*What you should do:* Look through the data below and return each line where "which" appears.

[Records excerpted from a collection]

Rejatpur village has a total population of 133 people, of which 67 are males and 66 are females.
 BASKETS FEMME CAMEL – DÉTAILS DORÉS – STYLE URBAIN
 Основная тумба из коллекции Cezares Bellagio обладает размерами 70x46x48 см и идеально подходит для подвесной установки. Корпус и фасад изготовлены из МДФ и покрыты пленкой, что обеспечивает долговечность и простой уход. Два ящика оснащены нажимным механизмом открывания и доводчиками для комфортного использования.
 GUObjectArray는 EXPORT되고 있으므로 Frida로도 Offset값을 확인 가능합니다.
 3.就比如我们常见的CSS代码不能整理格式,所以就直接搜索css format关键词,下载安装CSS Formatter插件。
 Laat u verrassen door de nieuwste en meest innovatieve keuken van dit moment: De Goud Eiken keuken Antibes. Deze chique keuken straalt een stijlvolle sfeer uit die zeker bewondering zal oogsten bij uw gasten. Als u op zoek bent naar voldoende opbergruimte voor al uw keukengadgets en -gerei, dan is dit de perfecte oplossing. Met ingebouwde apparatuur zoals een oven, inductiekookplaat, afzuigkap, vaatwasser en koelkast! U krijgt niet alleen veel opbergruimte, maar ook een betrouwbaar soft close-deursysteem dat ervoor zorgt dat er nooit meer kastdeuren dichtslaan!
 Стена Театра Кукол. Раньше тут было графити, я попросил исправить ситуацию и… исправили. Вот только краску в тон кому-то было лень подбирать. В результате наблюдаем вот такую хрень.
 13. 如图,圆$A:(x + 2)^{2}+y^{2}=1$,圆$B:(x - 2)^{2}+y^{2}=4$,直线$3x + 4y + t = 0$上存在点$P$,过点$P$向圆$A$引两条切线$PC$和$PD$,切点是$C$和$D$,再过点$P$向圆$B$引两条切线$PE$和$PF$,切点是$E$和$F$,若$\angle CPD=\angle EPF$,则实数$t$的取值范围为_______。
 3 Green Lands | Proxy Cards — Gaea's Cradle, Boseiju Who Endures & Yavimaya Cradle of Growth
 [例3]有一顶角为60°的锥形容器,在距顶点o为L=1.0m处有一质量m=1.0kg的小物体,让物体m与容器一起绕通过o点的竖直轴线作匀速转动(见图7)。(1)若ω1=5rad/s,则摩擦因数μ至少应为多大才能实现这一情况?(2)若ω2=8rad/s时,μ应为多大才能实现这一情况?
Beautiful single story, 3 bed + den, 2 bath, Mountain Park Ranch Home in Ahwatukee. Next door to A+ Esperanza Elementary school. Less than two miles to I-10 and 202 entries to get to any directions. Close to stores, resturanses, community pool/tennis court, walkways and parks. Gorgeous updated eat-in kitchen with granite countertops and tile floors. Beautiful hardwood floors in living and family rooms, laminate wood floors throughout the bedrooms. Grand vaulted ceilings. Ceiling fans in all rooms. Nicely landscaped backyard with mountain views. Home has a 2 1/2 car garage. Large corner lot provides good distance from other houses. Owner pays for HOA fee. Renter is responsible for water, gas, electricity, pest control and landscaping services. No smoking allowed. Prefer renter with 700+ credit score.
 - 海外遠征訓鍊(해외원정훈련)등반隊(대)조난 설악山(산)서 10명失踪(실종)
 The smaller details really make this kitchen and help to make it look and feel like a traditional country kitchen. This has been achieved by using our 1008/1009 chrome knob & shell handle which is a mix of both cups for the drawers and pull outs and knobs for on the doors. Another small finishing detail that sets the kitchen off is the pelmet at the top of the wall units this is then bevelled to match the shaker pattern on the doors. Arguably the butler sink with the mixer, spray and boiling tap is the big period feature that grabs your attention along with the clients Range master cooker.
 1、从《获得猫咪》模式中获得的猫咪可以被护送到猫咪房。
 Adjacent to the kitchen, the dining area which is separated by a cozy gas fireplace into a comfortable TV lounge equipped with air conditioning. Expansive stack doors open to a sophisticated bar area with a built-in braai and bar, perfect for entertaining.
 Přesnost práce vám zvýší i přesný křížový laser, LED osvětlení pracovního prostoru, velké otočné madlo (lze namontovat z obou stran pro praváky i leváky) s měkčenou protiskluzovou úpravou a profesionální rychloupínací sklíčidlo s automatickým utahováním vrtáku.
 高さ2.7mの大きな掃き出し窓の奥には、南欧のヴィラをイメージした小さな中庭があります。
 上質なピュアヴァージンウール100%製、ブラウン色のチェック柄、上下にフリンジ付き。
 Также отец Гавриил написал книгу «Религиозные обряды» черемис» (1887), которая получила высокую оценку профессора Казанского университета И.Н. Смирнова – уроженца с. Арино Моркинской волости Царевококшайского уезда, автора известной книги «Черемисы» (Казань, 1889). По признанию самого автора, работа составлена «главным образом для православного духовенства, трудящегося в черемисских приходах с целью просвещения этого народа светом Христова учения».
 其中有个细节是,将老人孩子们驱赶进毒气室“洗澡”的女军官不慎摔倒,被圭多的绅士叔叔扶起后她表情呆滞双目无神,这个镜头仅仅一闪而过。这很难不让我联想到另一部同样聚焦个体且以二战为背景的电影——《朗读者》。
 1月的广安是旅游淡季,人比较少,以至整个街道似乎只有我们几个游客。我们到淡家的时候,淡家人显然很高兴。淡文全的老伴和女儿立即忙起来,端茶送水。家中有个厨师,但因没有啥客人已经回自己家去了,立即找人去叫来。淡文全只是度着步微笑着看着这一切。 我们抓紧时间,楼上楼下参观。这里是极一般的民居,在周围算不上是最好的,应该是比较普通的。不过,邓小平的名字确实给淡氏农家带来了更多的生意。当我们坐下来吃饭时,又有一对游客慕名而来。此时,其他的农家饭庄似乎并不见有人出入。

*Result of the exercise:*
Rejatpur village has a total population of 133 people, of which 67 are males and 66 are females.
 The smaller details really make this kitchen and help to make it look and feel like a traditional country kitchen. This has been achieved by using our 1008/1009 chrome knob & shell handle which is a mix of both cups for the drawers and pull outs and knobs for on the doors. Another small finishing detail that sets the kitchen off is the pelmet at the top of the wall units this is then bevelled to match the shaker pattern on the doors. Arguably the butler sink with the mixer, spray and boiling tap is the big period feature that grabs your attention along with the clients Range master cooker.
 Adjacent to the kitchen, the dining area which is separated by a cozy gas fireplace into a comfortable TV lounge equipped with air conditioning. Expansive stack doors open to a sophisticated bar area with a built-in braai and bar, perfect for entertaining.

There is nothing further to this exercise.